The lander is really a combination lunar lander and lunar base station, so there are a lot of components to consider.
- 1. Engine, without which it cannot land
- 2. Lunar Comm (WiFi?) to communicate with the rover
- 3. Earth Comm (10W radio transmitter / receiver + digital [en+de]coder + Ext. Antennae
- 4. Web, Mail, Ftp, Dns server (embedded, running off a flash array)
- 5. Network equipment (e.g. if more than two servers, we need a switch)
- 6. Environmental equipment (heater, cooler, radiator)
- 7. Hull, radiation shielding
- 8. Solar panels (NanoSolar? Probably won't survive the temps).
- 9. Mechanical Solar shade slats (Dan, you had some ideas for this)
- 10. Cargo Hold
- 11. Internal structure to hold all of the above in its proper place.
fjb
some more things we'll need:
- 12. Laser range finder
- 13. batteries for storing solar power
- 14. Star tracker (especially if we used phased array antenna)
- 15. Fuel storage and fuel pumps for lander engine
- 16. Accelerometers
- 17. On board computer or microcontroller for processing accelerometer and laser range finder data and controlling engine valves, servos, etc
im leaving something out but i cant think of it.
ryan
The only way, practical at this point, to land on the Moon is to use a rocket engine - solid fuel, liquid fuel or hybrid, because penetrators are really hard to do (about 2.5 km/s impact velocity), electric propulsion doesn't provide necessary thrust, and other means are even less real.

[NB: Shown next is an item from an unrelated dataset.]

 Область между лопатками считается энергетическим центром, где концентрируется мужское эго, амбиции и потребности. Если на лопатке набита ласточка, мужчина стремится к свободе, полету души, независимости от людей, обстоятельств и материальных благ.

Consider liquid fuel engines, as an example. There is such a thing as thrust-to-weight ratio, and it goes down with the thrust. In other words, you can have 100 tons thrust engine with weight 1 ton, and TTW ratio of 100, but you can't have 100 kg thrust engine with weight 1 kg, you'll get probably 2 kg, and TTW ratio will be only 50. These are very crude numbers, of course.

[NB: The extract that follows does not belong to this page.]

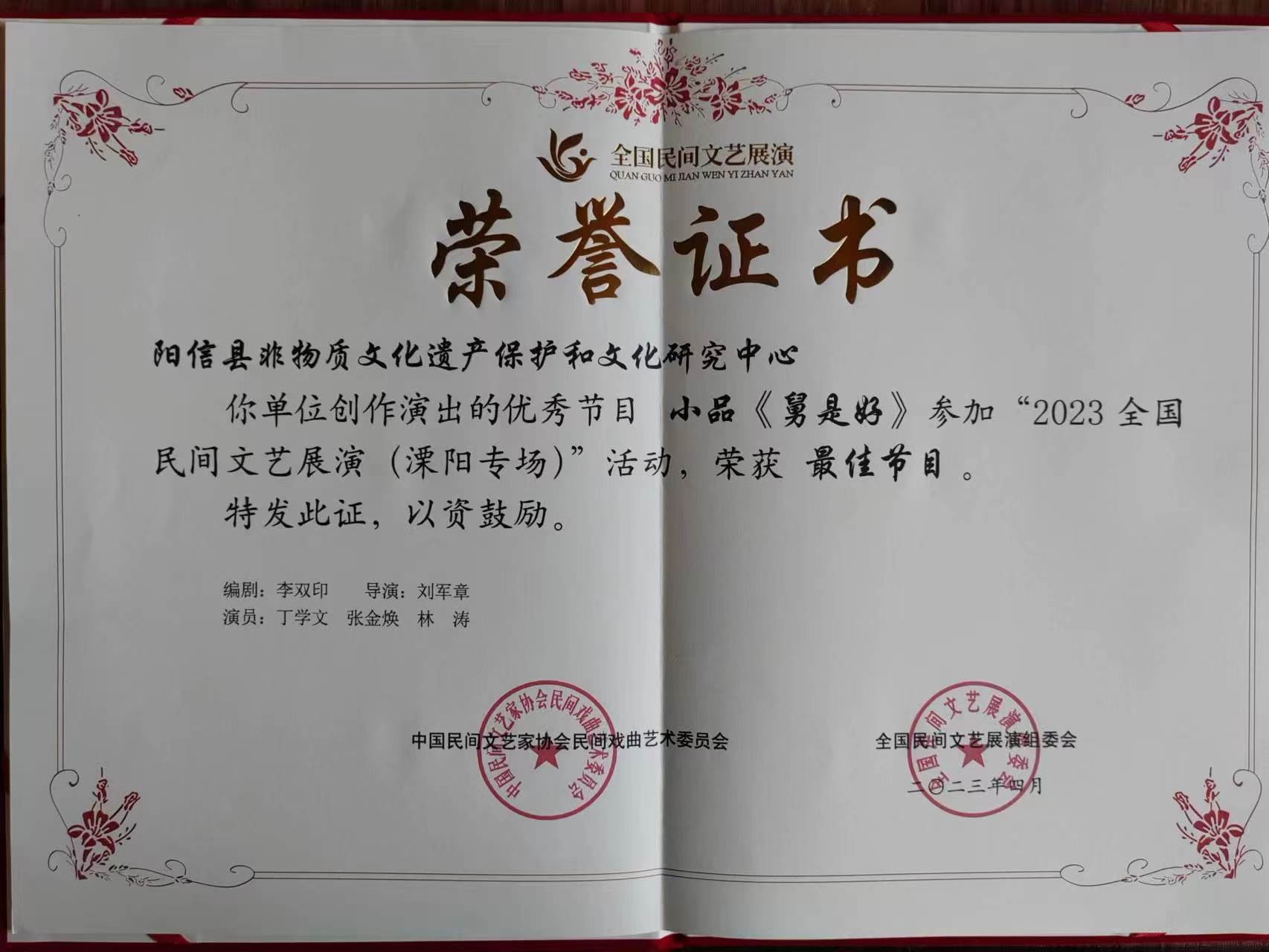 近日,2023全国民间文艺展演在江苏溧阳落下帷幕,阳信县非遗中心推送的小品《舅是好》在展演的38部作品中脱颖而出,获小品类最佳节目。

You can improve TTW ratio, but at the expense of Isp. These two factors - one is possible TTW you can get, the other- possible Isp you can get - dictate, that the lander mass can't be arbitrarily small. And if you lander weights some 100 units of weight empty, and your payload is only 1 unit of weight, then total mass landing on the Moon is 101 unit. If you double th payload, the total mass becomes 102 unit - about 1% increase. It means, that it may make sense to balance the weight of the lander and weight of the payload - you may not need to make the latter as small as possible, because it won't make it much easier to land, if lander mass is fixed.
So, providing you can make payload small, the question looks like this: what is the smallest lander which you can land on the Moon? Likely the lander will have to brake from at least Moon orbital velocity, about 1700 m/s. How small can be system, which can provide such velocity change? What are the smallest weights of engines, tanks, plumbing like pipes, valves, pressurization gas for such a lander?
Jang
Landing seems easier than I thought.
It seems we can be precise enough to not have to prepare for much hard landing contingency.